Looking at the 2nd image you sent, I see that in addition to "services" queue, you also have queues called "training" and "training*_2" - and the experiments you circled is in the "training" queue. In that image - there are no experiments in the services queue.
If you press on the "services" queue (like you did in the first image) you can view the experiments in the queue and the workers. Can you check if there is a situation where there are tasks pending in that queue while one of the workers is idle?
CumbersomeCormorant74 As you can see in the attached - there were 2 experiments at the same time, but only one agent pulled the task, even though the second agent was free and listening to the queue.
AbruptWorm50 - the agent poll the queue, so any free agent can pull tasks. From the graph on the right, it looks like experiments were not waiting in the queue (max experiments is 1, and it was immediately pulled). Can you also check what happens if two experiments are enqueued at the same time?
I will elaborate on the situation:
I have 2 agents - training and training_2. They are both listening to the services queue, but only 'training' pulls the tasks. At the beginning I had 2 tasks in the services queue. Then, agent 'training' pulled one and is currently executing it, but for some reason - it also pulled the 2nd task into it's queue, that is although this agent is not free and I have another agent which is: 'training_2'.
AbruptWorm50 - just to make sure there is no misunderstanding - the last image you sent is on the "training" queue and not on the "services" queue. Are there free agents running on that queue?
Can you check if there is a situation where there are tasks pending in that queue while one of the workers is idle?
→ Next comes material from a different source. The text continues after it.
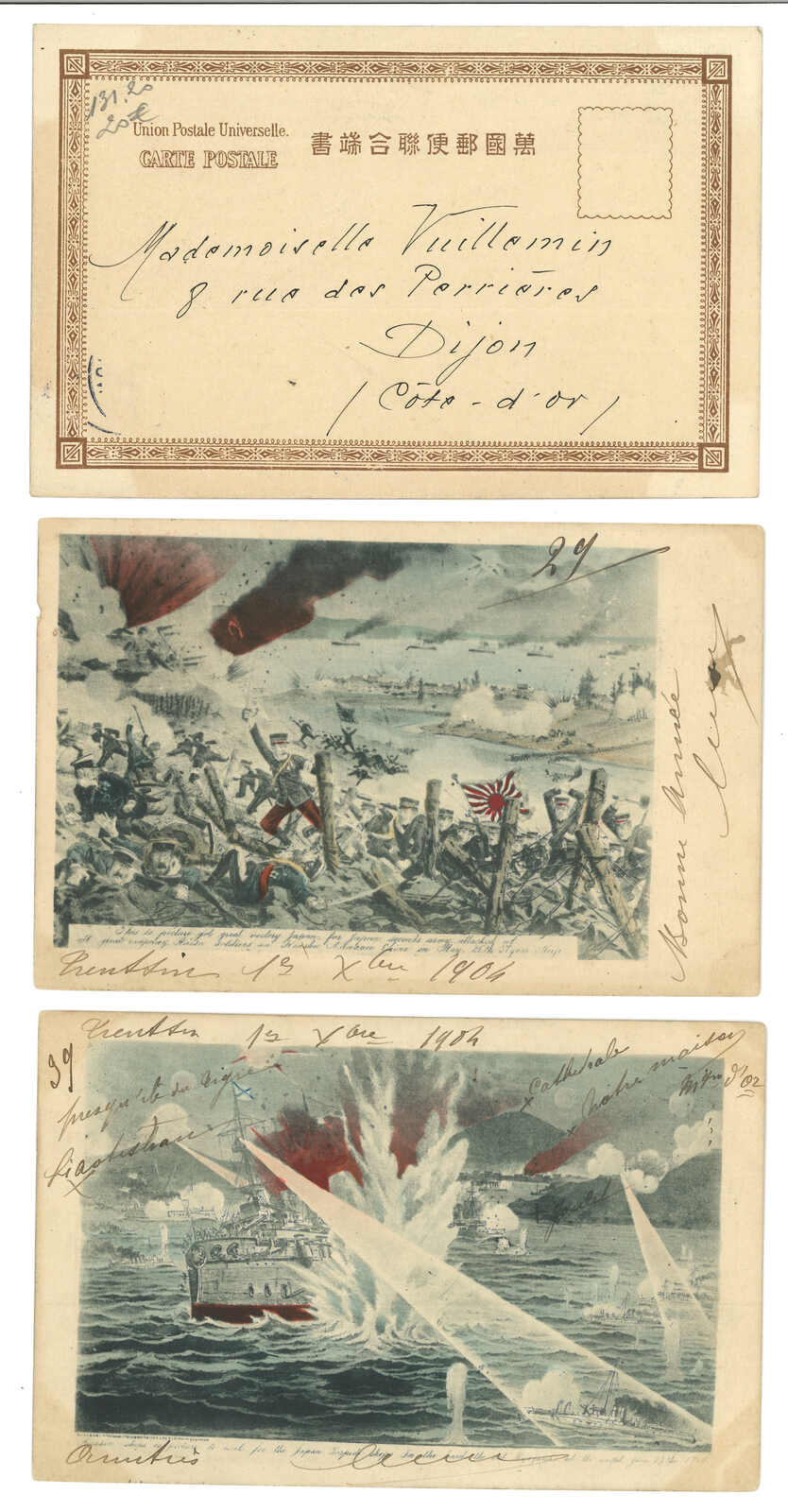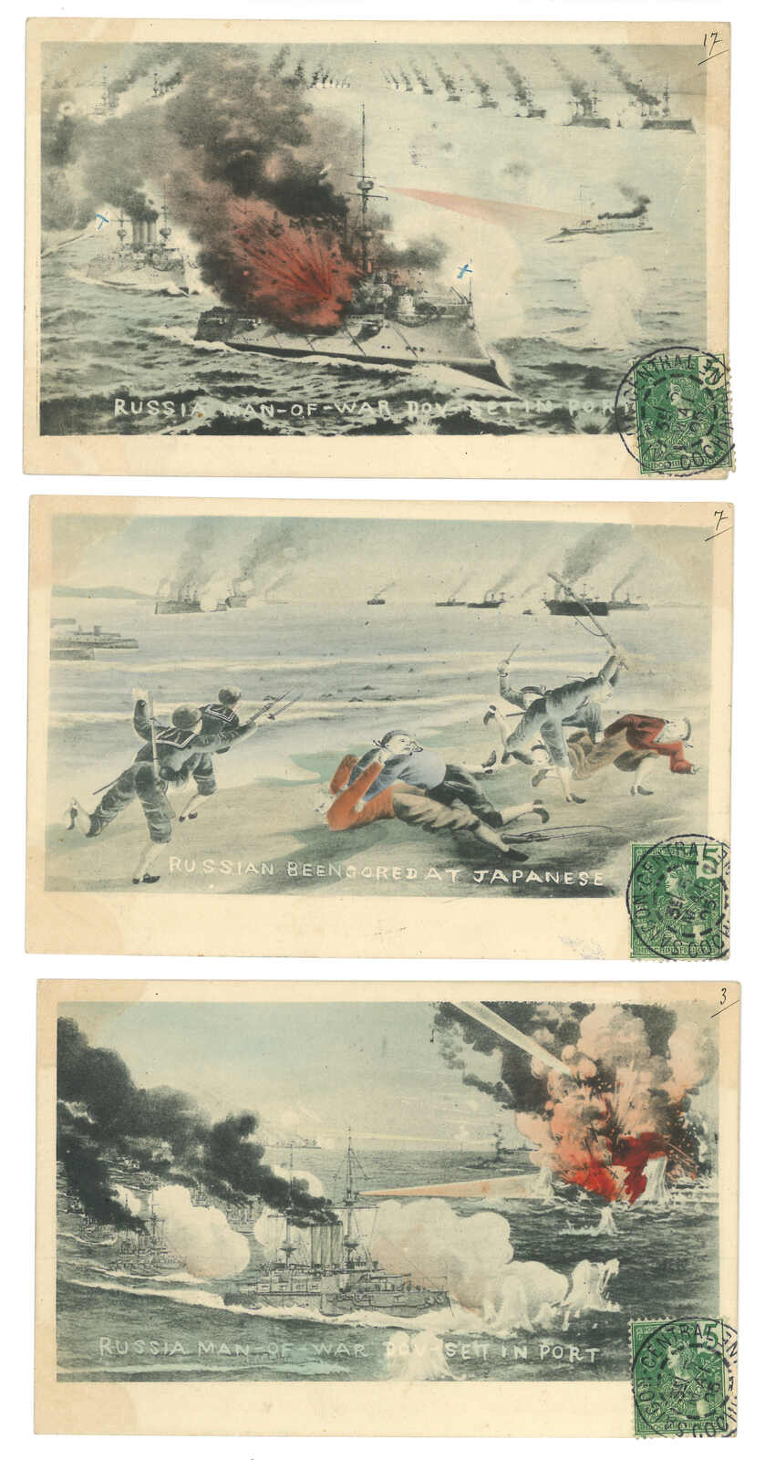 一組三張日俄戰爭主題圖片明信片,描繪了陸戰及海戰情景,應出自同一套,均自西貢實寄。極具歷史意義。(Image 1)

In what queue ? In services there are no pending tasks because they were all pulled by 'training'.
just to maker sure, how do you start the agents? Are you using the
--services-mode
option?
I used clearml-agent daemon --detached --services-mode --queue services --docker ubuntu:18.04 --cpu-only
Wait, so you have two agents:
one running in normal mode and monitoring the training
queue another running in the services mode, monitoring the services
queue?
We have been trying to resolve the issue. I will comment here again if any more problems arise. Thanks!
AbruptWorm50 just to maker sure, how do you start the agents? Are you using the --services-mode
option?
Hi AbruptWorm50 ,
Should be working - this is basically only up to the agents... Can you perhaps share the agents' logs?
Just to clarify again - when I start the agents I run :clearml-agent daemon --detached --queue training
and then: clearml-agent daemon --detached --services-mode --queue services --docker ubuntu:18.04 --cpu-only
This is why there are 'training' and 'training_2' queues.